Manchester is full of stories, most of them worn smooth through repetition. Just the same, there are still some tales less familiar to the ear, with edges rougher hewn, that retain the capacity to catch the listener unawares.
Such is the case with the city’s medieval history, and such is the subject on which Fran Healey, the creative commercial director of Chetham’s Library and The Stoller Hall, is keen to expound, speaking with all the rush and eloquence of unbridled enthusiasm in anticipation of the second Manchester Medieval Quarter Festival on the weekend of September 23.
In doing so, she effectively beckons an invitation through the library‘s guarded archway, to grounds which, even if they’re noticed, remain out of bounds to the public for much of the year.
“So many people who come into Manchester on a day to day basis have no awareness of what they walk past with their heads down and their earphones in,” she reflects. “Last time we held the festival, in 2021, people were saying, ‘Wow! This is amazing. I knew there was something here, but I didn’t know what it was, or what it meant.’”
There’s a sound reason for this security, of course, since Chetham’s also houses a school of music. “We so rarely get to open the building up because of the kids being on site. So we have these occasional breaks when the boarders go home for long weekends.”
Two years ago, however, Covid was still in ascendance, as Healey recalls.
“It was a bit on the edge of whether it was going to happen.
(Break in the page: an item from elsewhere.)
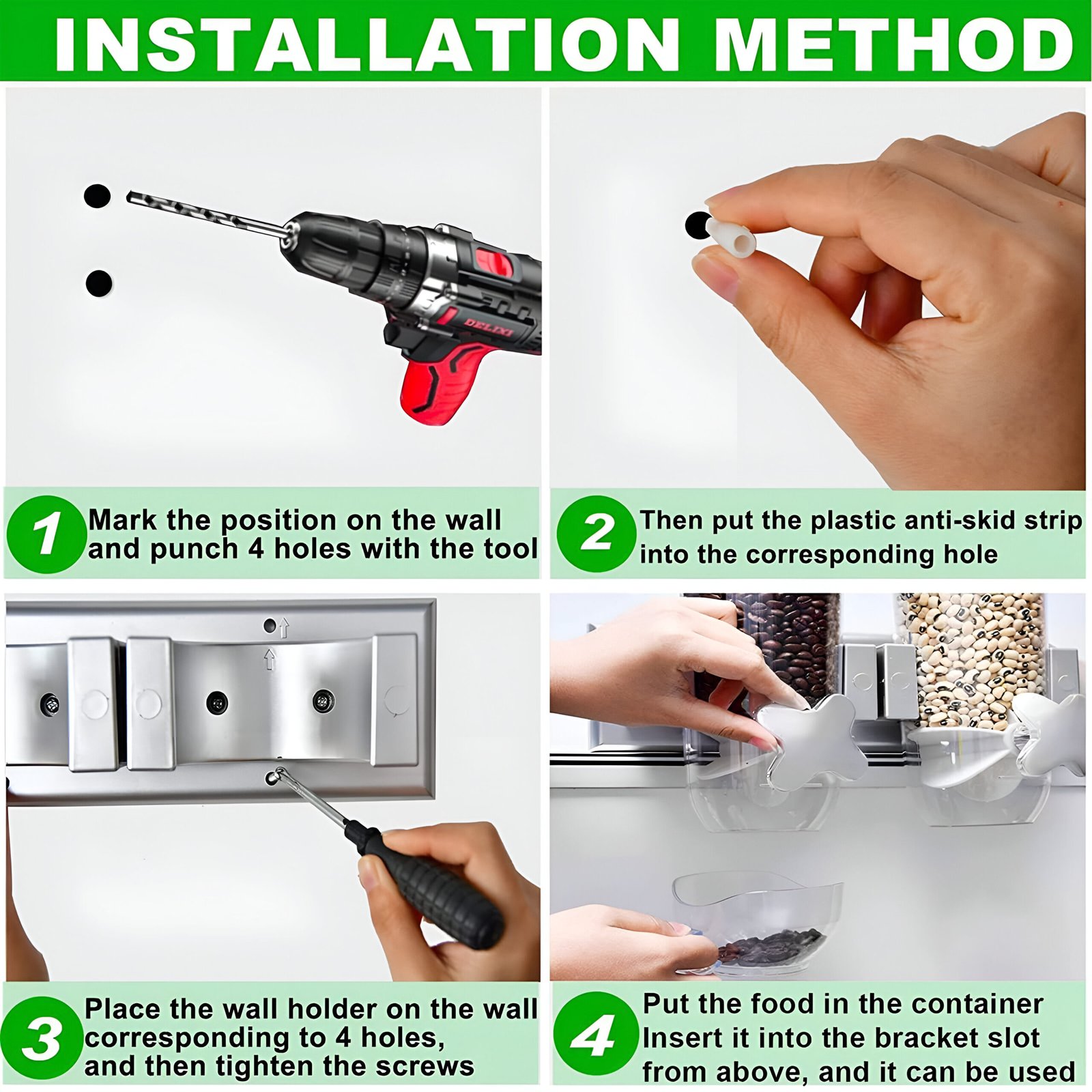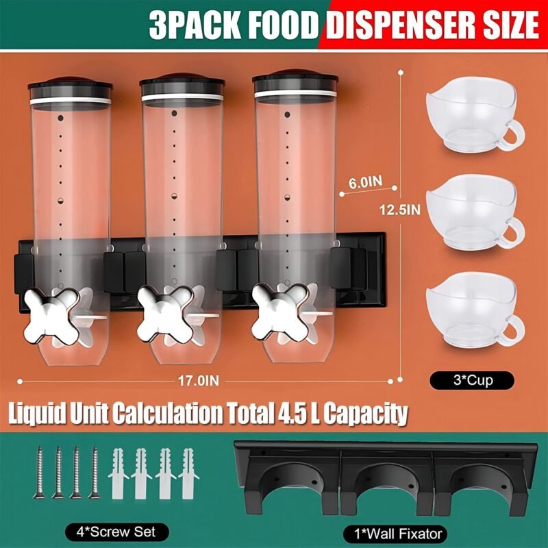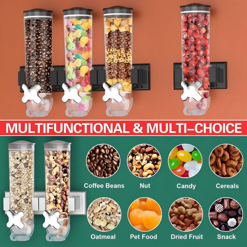 - Wall-Mounted & Space-Saving: The wall-mounted design keeps the dispenser stable and helps save counter space. The individual canisters are easy to remove for filling and cleaning.

The reason we launched it in 2021 was because it was the 600-year anniversary of the old buildings. The first one we did was very much based around Chetham’s, as it’s the oldest public library in the English speaking world. The building itself is one of the most intact of its age in the UK, although Humphrey Chetham founded the library much later on, in the 1600s.”
Since then, things have evolved. “This time, it’s a little bit different, because we’re working in collaboration with other organisations in this part of Manchester. Manchester University supported it a little bit financially. The city council, as well, have been really supportive because of the ‘place-making’.”
This, it turns out, is a concerted effort to establish the area, extending out from Chetham’s and encompassing the cathedral and its grounds, as Manchester’s Medieval Quarter.
“The plan is very much that the Medieval Festival becomes an event centred around Cathedral Gardens that the organisations around there deliver,” says Healey. “The timing has meant that, this time around, we’re treating it as a bit of a launch. People can come without having to pay anything, without having to book on anything, because it’ll all be open. There’ll be re-enactments happening in Cathedral Gardens themselves.”
That’s not the half of it, as Healey explains. “We’ve got medieval dance workshops. And Historia Normannis will be re-enacting a medieval village. There’ll be people cooking and holding court.”
Some activities, of necessity, will require booking, and others will come at a cost. “If you want to come into the library itself, because we have to manage numbers, you can book on tours. We’ve got an exhibition called ‘How Many Cows?’ about the value of paper and vellum, because books were made from cow skins.”
It’s all intended to build up a present tense portrait of 15th century Manchester in the visitor’s imagination. Healey puts me in the picture. “It would have felt much more like a village, really. It would have been a lot more open. The river would have been the transport network. And Salford wasn’t there.”
Having spoken in such rapt terms about the past, I wonder how Healey envisages the future. “The plan is to do this every two years. There’s so much to learn about it. Every time I go into the library, I see something different.”
Perhaps a little more whimsically, she adds: “Another thing I’d love to do is jousting. Although the insurance company weren’t too keen.”
As to what sustains her motivation, she sums it up best herself. “To spark that curiosity in people, so the next time they hear something about medieval history, they can connect. It’s raising awareness of people feeling like it belongs to them. Manchester is ours, isn’t it?”
There can’t be a more persuasive enticement to step back in time.